ASSIGNMENT> Copy out the data below from the line containing "Edwardian Old European" to the line containing "- True to the", both lines included, with all images left out.

Excerpts from a dataset

========================================

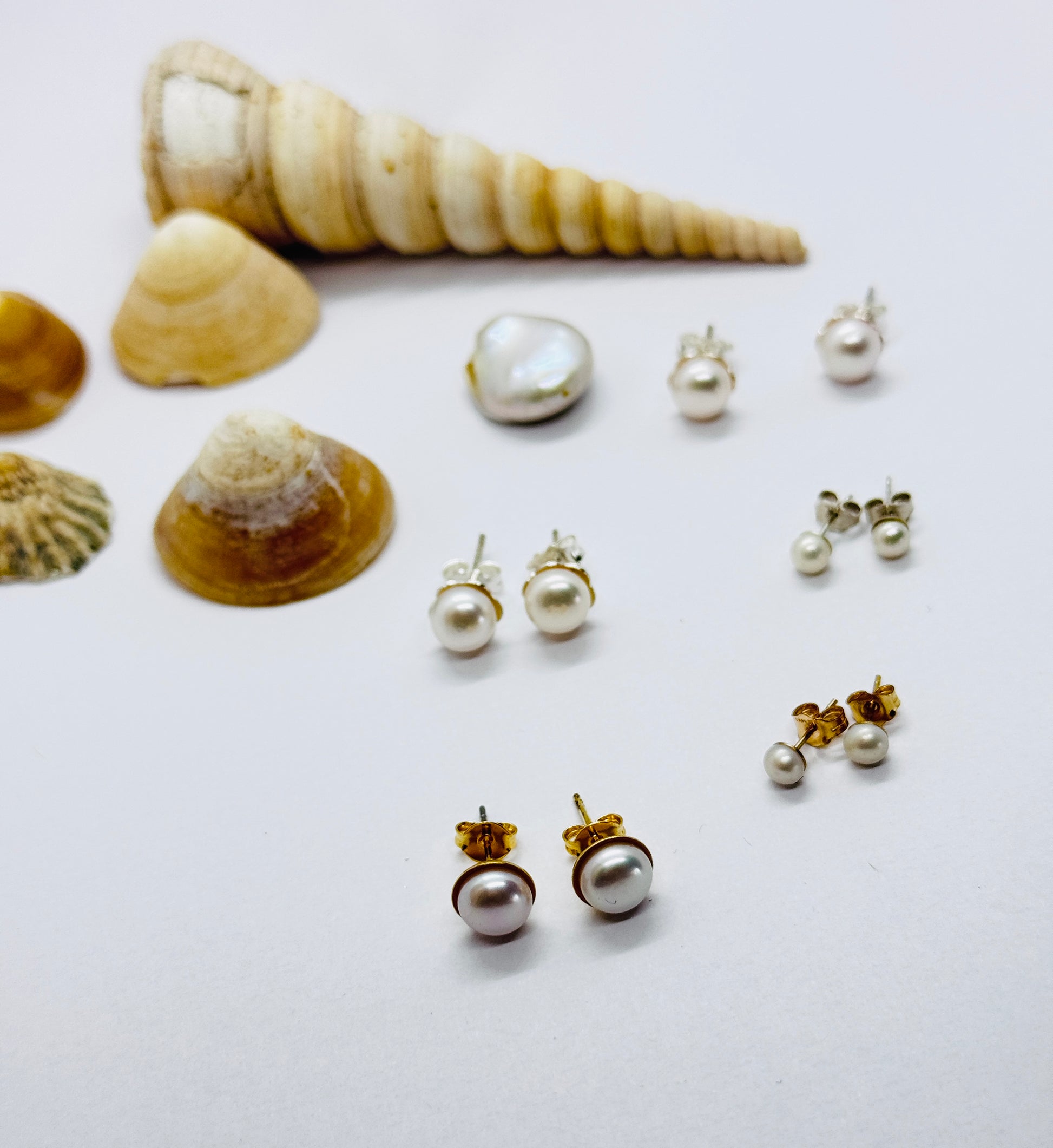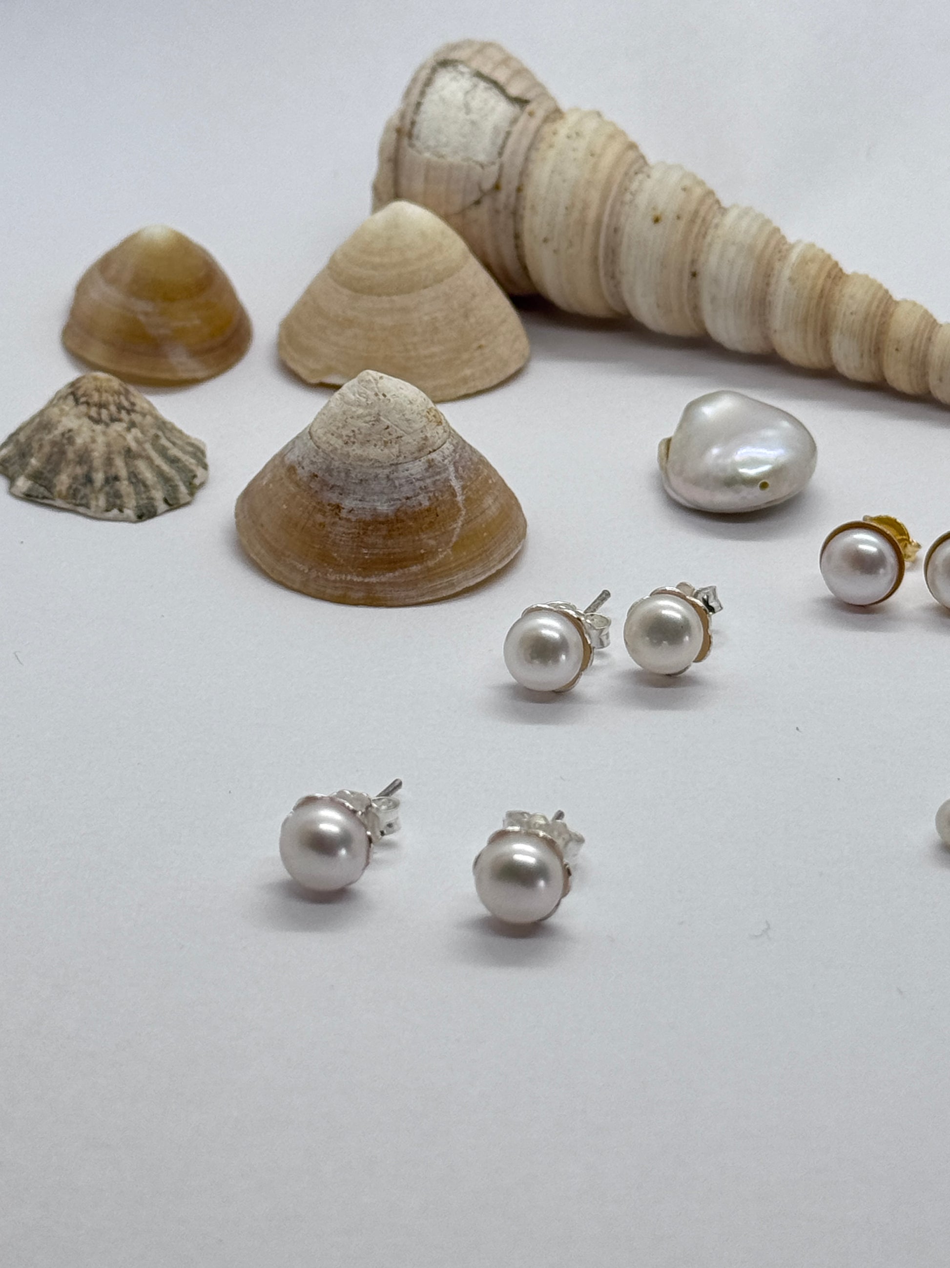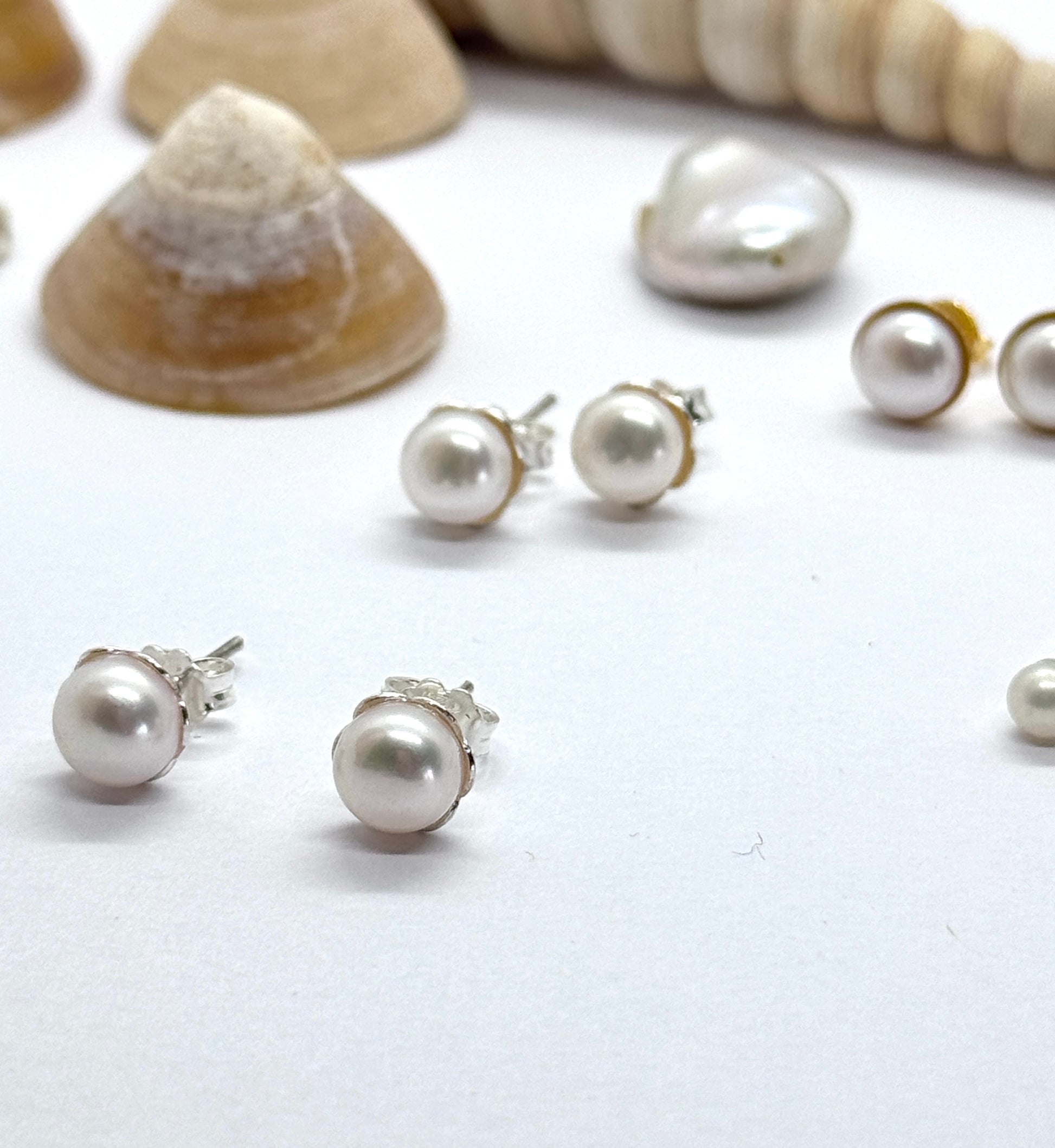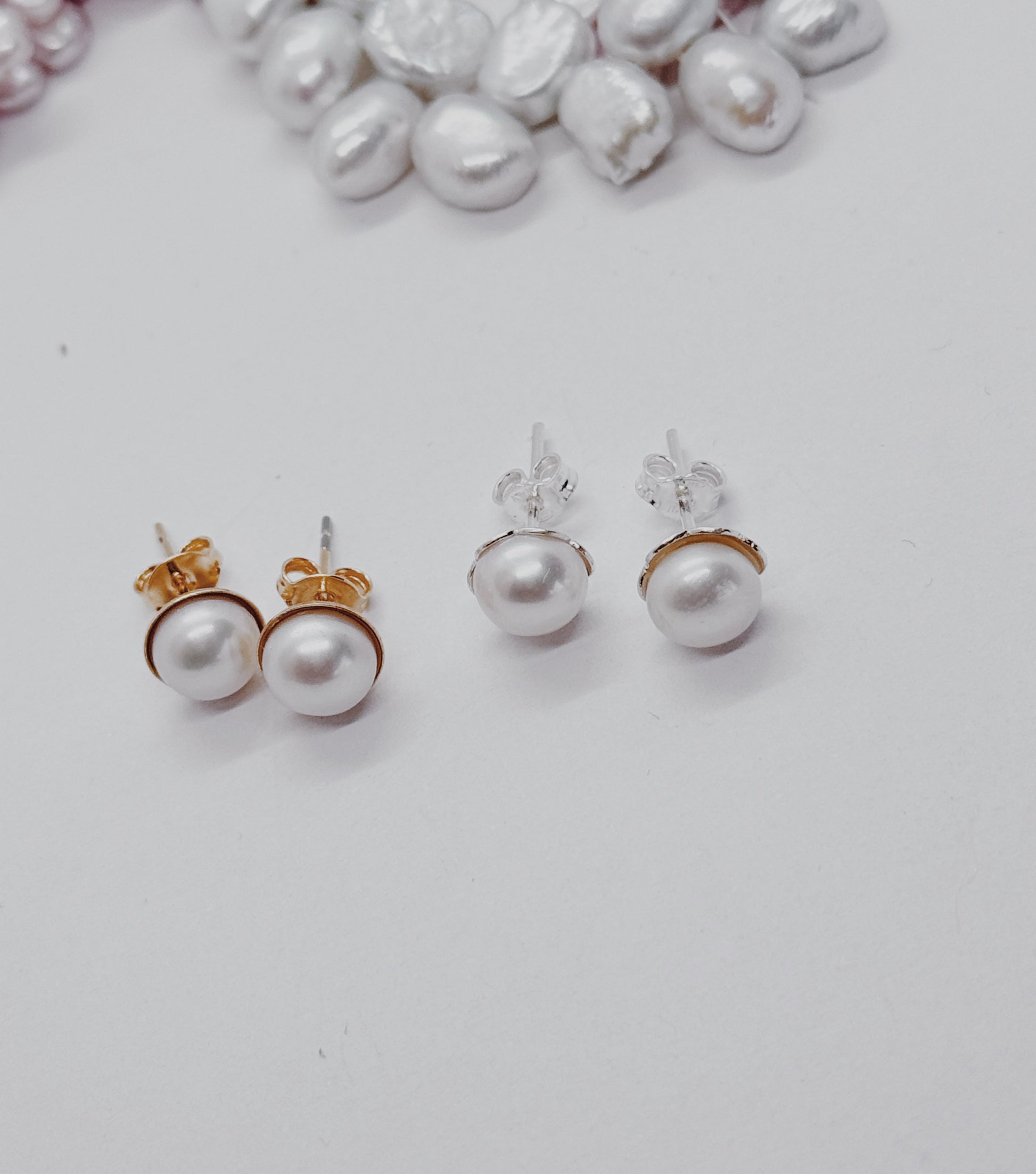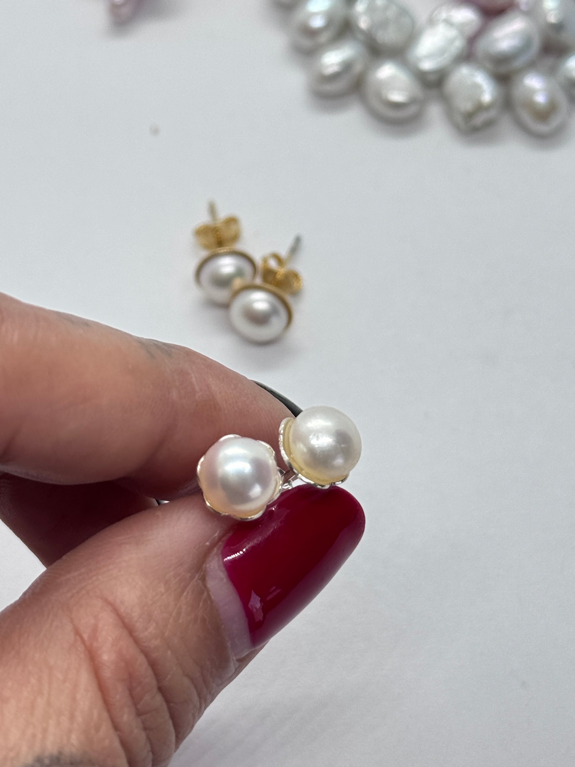 Aritos de perlas de río naturales color blanco, en forma de botón de tamaño 7 mm con pin plata 950 y también en baño de oro 21 K.
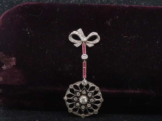 Edwardian Old European Diamond and Ruby Drop Pendant in Gold and Platinum - VHK#1005
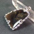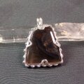 オレゴンで産出するレアストーン「ファイアーオブシディアン」を 石枠に粒飾りをつけたペンダントに仕上げました。
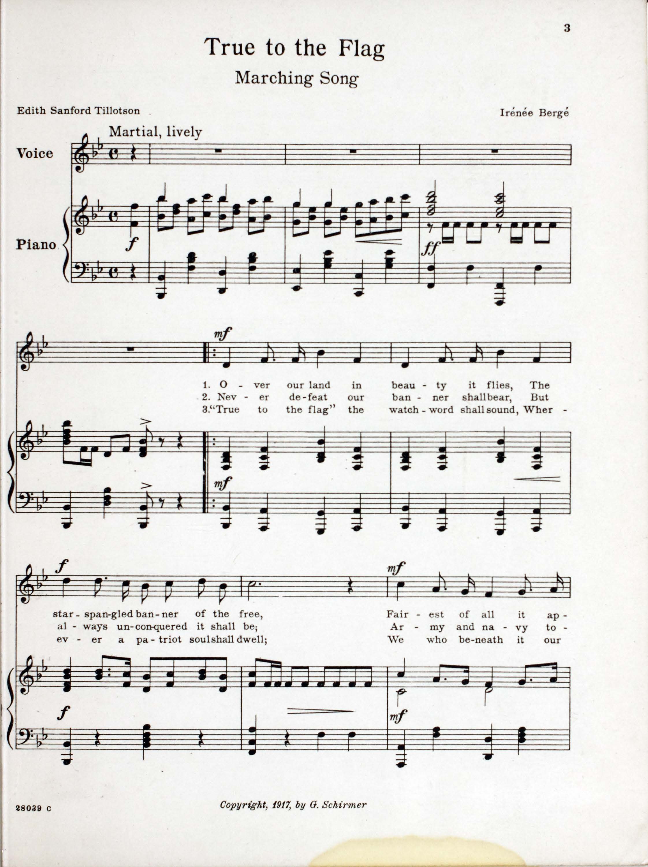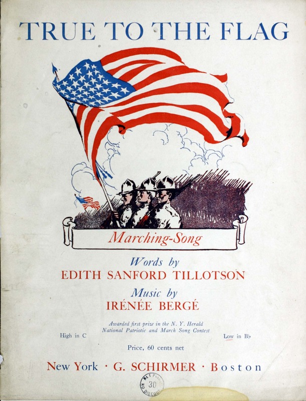 - True to the flag : marching-song / words by Edith Sanford Tillotson ; music by Irénée Bergé.
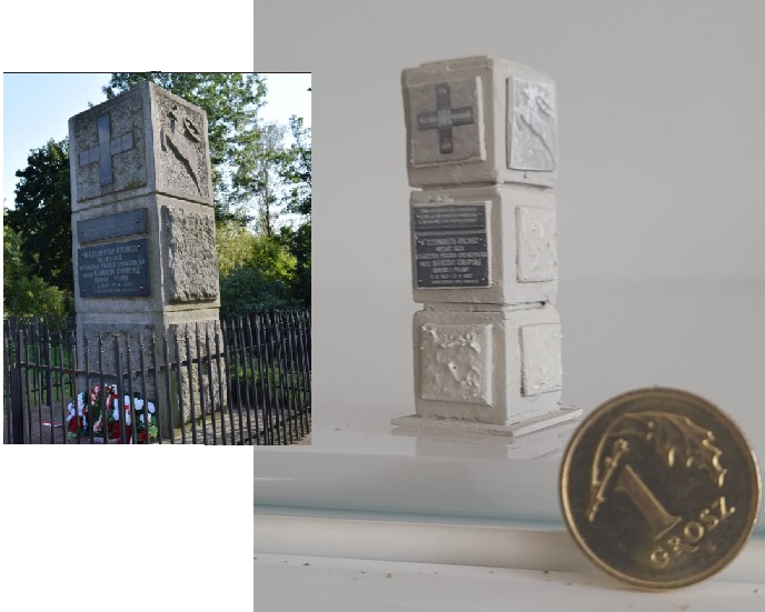 Napisy i ten Jeleń.... no cóż.... Pomimo, że jeleń wydaje się 3D, to wydruk ze zmniejszonego zdjęcia z pomnika z cieniami. Napisy na czarnej płycie - też pomniejszone zdjęcie. Wydruk na kolorowej laserówce na papierze do drukarki i potem wycięte i naklejone na model pomnika. Potem całość podrasowałem farbkami w kolorze betonu by nie było za bardzo widać krawędzi białej kartki. Ot co.
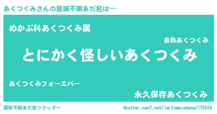 | ポケモン風あだ名 | 『ヒアクツクミ』『アクキング』 |
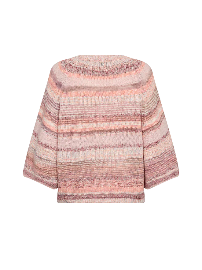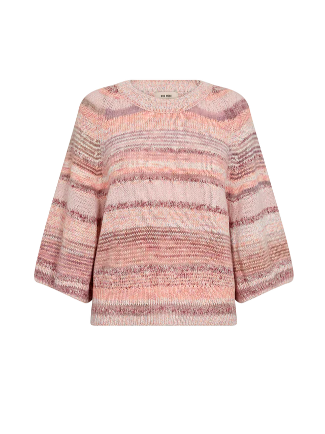Smukkeste unikke strik fra Mos Mosh. Denne bløde strik er et hyggeligt statement med en afslappet, oversized pasform. Den har 3/4-ærmer, rund hals og et flot meleret mønster, som tilfører både varme og struktur. Ideel til lag-på-lag – style den med jeans eller en let nederdel for et afslappet, men stilfuldt udtryk.
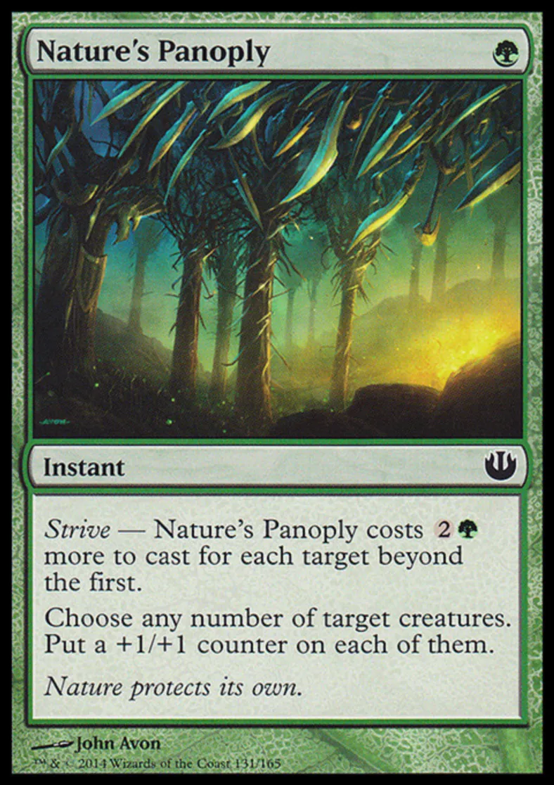 | Oracle Text | Strive — Nature's Panoply costs {{2}}{{g}} more to cast for each target beyond the first. Choose any number of target creatures. Put a +1/+1 counter on each of them. | ||
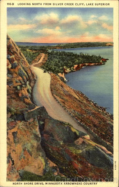 Front: 110-D LOOKING NORTH FROM SILVER CREEK CLIFF, LAKE SUPERIOR NORTH SHORE DRIVE, MINNESOTA ARROWHEAD COUNTRY 2A-H314 Back: ZENITH INTERSTATE NEWS CO., DULUTH, MINN.
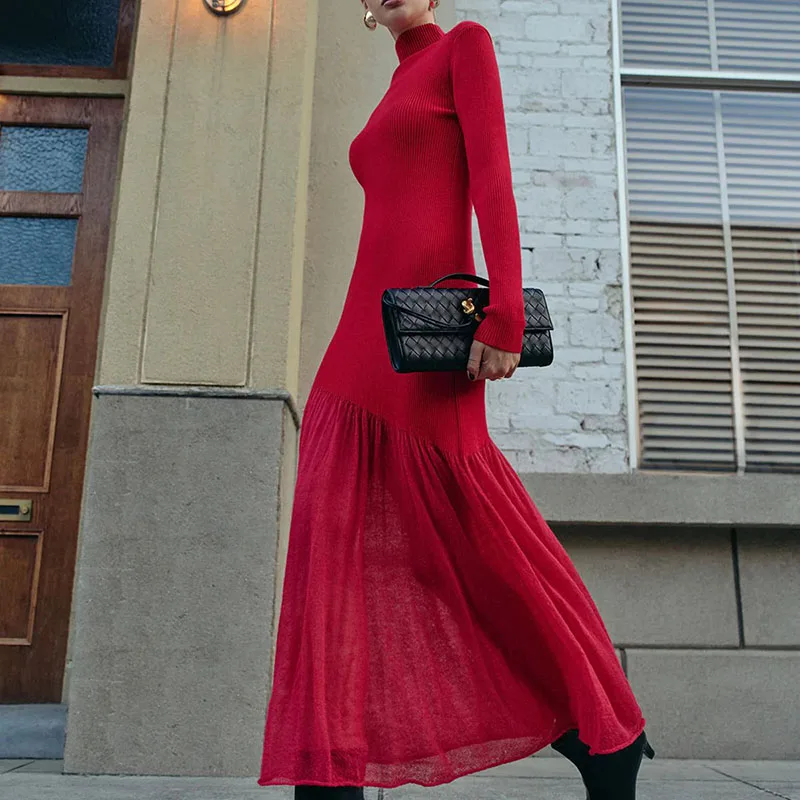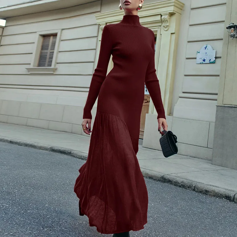 Elegant Fashionpara High Collar Knitted Maxi Dress for Fall

========================================

TASK RESULT>
 Edwardian Old European Diamond and Ruby Drop Pendant in Gold and Platinum - VHK#1005
 オレゴンで産出するレアストーン「ファイアーオブシディアン」を 石枠に粒飾りをつけたペンダントに仕上げました。
 - True to the flag : marching-song / words by Edith Sanford Tillotson ; music by Irénée Bergé.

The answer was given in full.